Why My Garage Became a CX500 Graveyard
Found this 1981 Honda CX500 covered in dust behind my uncle’s barn last spring. Paid him $200 just to haul it away. Thing looked rough – tires flat, handlebars bent, seat cracked open like an egg. Honestly thought it was scrap metal at first.

But I’m stubborn. Told myself “how hard can it be?” Grabbed my toolkit and dove in headfirst. First mistake: didn’t take enough “before” pictures. Could’ve used them now for comparison.
Making This Bike Breathe Again
Started with the disgusting stuff. That gas tank smelled like rotten eggs! Poured out black sludge so thick it could’ve been motor oil. Used a whole gallon of vinegar and a handful of marbles to shake out the rust. Took three days just to stop getting rusty flakes outta there.
Next disaster: those carburetors. Gaskets were mush. Jets clogged with 40-year-old varnish. Took them apart in a baking pan so springs wouldn’t fly everywhere. Soaked everything overnight in pine-sol cleaner (cheaper than “real” carb cleaner). Weird trick but worked!

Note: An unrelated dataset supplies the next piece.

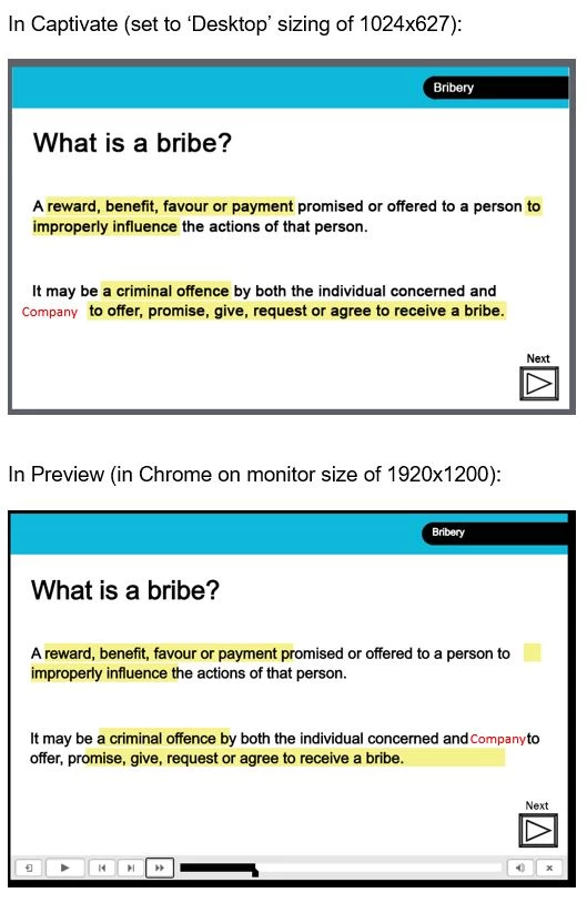 I am looking at my project in Captivate and - on screen - I have animated boxes that aim to highlight key information (see yellow bars in screenshots below). When I go to preveiw the session in Chrome, the highlight boxes have shifted so they look a mess! Any suggestions as to why this is and how I can fix it?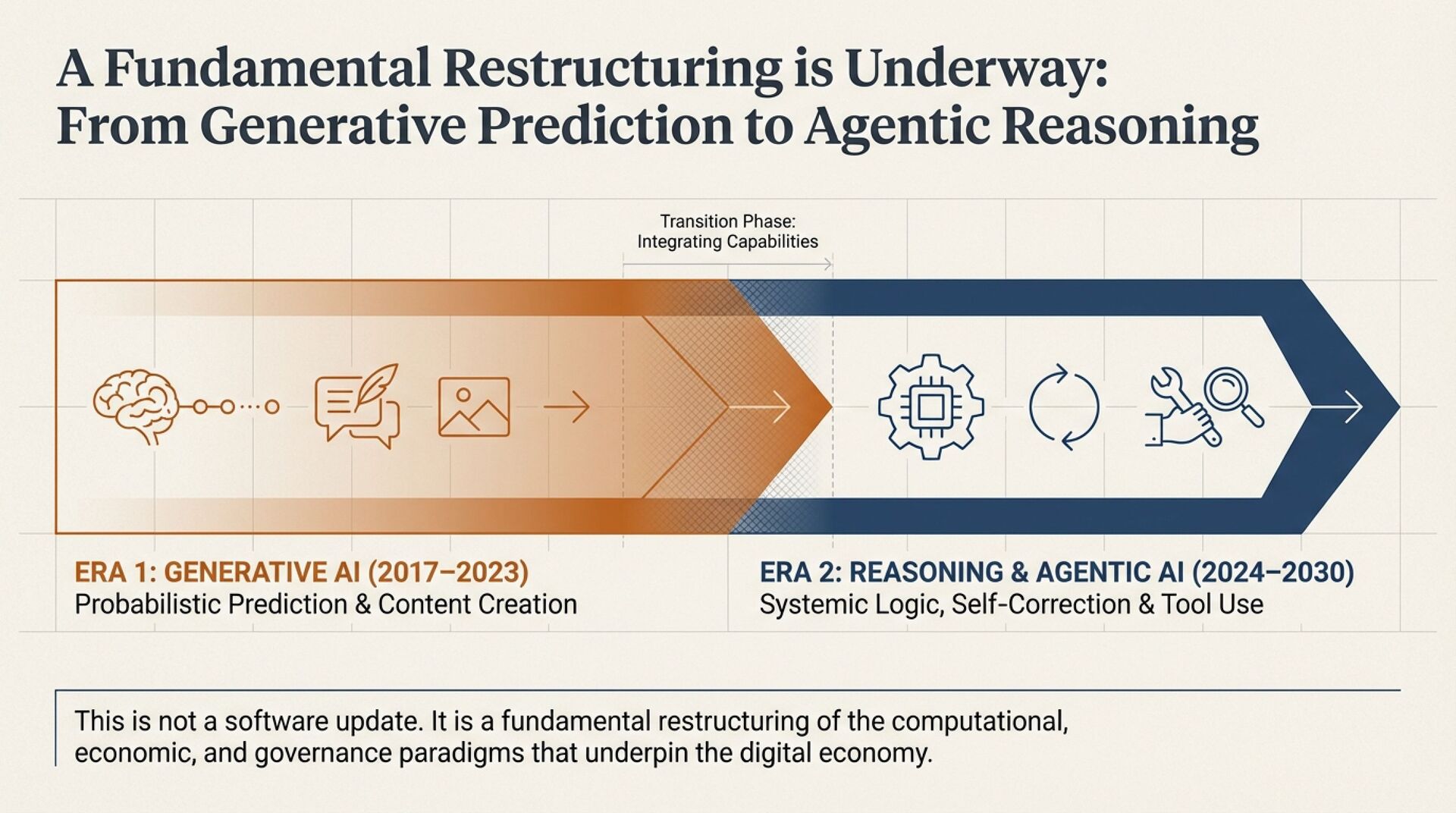 This strategic research report argues that AI progress is not linear. It moves through phase transitions triggered when algorithmic ideas collide with hardware constraints. You are now entering the biggest shift since the 2012 deep learning reboot, the move from Generative AI (2017–2023), focused on probabilistic content generation, to Reasoning and Agentic AI (2024–2030), where systems execute multi-step logic, self-correct, and use tools autonomously.

- Scrubbed every hole with brass wire from the hardware store
- Poked jets clear using unwound guitar strings
- Set float height just by eye-balling it
Electric Nightmares
The wiring looked like spaghetti thrown at the bike. Half the plastic connectors crumbled when I touched em. Tested every wire with a dollar store multimeter. Found three bad wires that looked fine on the outside but were rotten inside. Replaced em with cheap speaker wire.
Got nervous when hooking up the battery – put it in backwards the first time. Stupid mistake. Popped the main fuse. Thought I fried the whole system but thankfully just that little fuse.
When That Engine Finally Coughed
After weeks of work, time for the scary part. Poured fresh gas in, kicked it over… nothing. Tried again – sputtered twice then died. Third try? Backfired loud enough to scare my dog! Finally got it running by spraying starter fluid into the air intake. Sounded like popcorn popping for five minutes until it warmed up. Smoke poured out everywhere – but that sweet V-twin sound eventually smoothed out.
Took it down the driveway slowly, front brakes squealing like angry birds. Needs new brake pads obviously. But hey – it MOVES! Not perfect yet – still leaks oil near the shifter and the speedometer jumps around like crazy. But for a $200 barn find? I’ll call this a win.